## Directions:
Apart from the pictures, print the data below exactly as given.

## Available data:
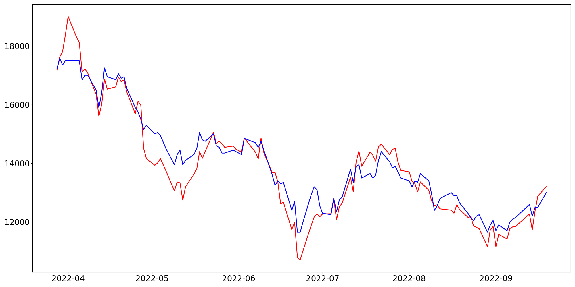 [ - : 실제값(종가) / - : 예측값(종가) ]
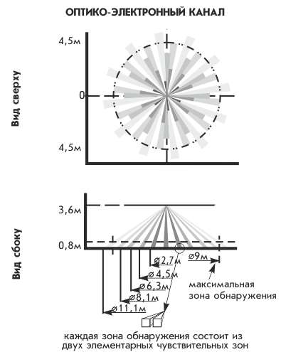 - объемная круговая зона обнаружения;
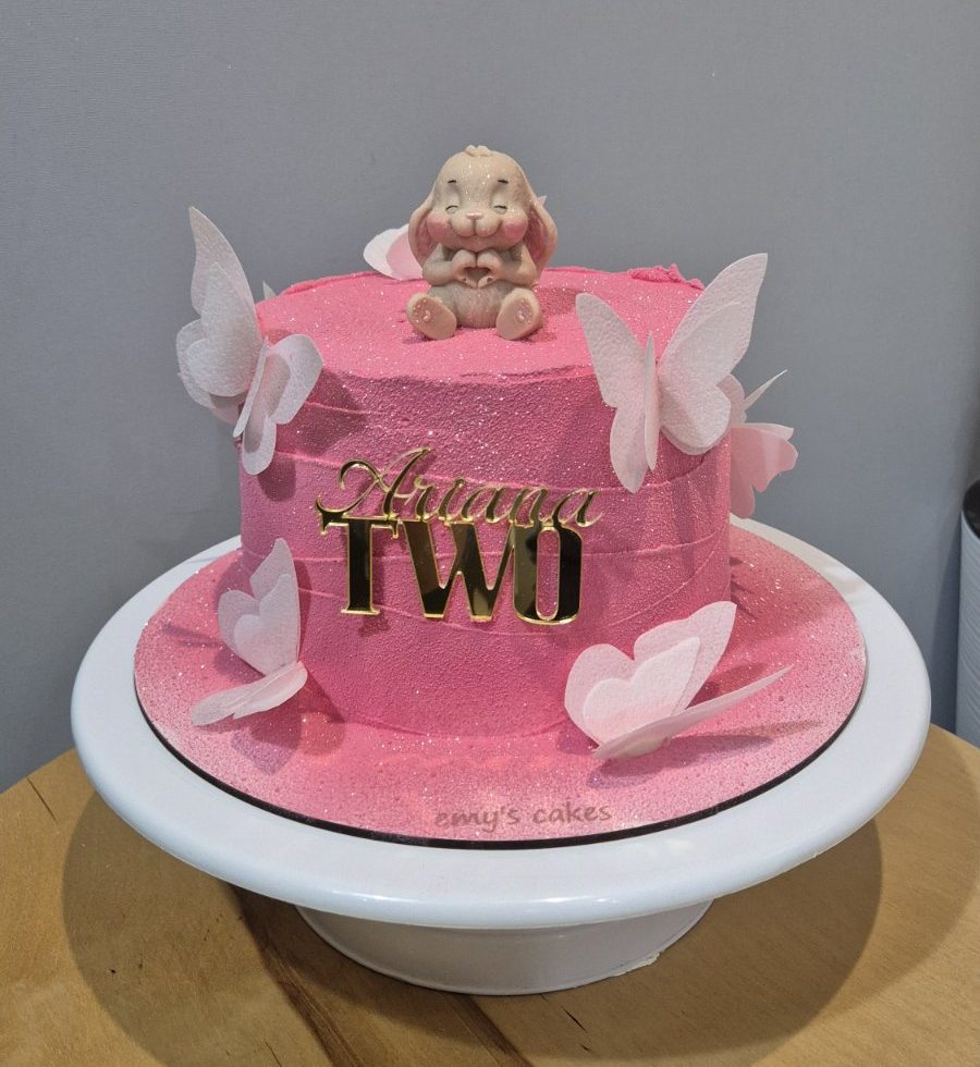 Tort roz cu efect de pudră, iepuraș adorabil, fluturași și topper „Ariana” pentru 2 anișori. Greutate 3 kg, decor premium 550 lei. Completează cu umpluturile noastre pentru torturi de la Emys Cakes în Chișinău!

## Solved exercise:
 [ - : 실제값(종가) / - : 예측값(종가) ]
 - объемная круговая зона обнаружения;
 Tort roz cu efect de pudră, iepuraș adorabil, fluturași și topper „Ariana” pentru 2 anișori. Greutate 3 kg, decor premium 550 lei. Completează cu umpluturile noastre pentru torturi de la Emys Cakes în Chișinău!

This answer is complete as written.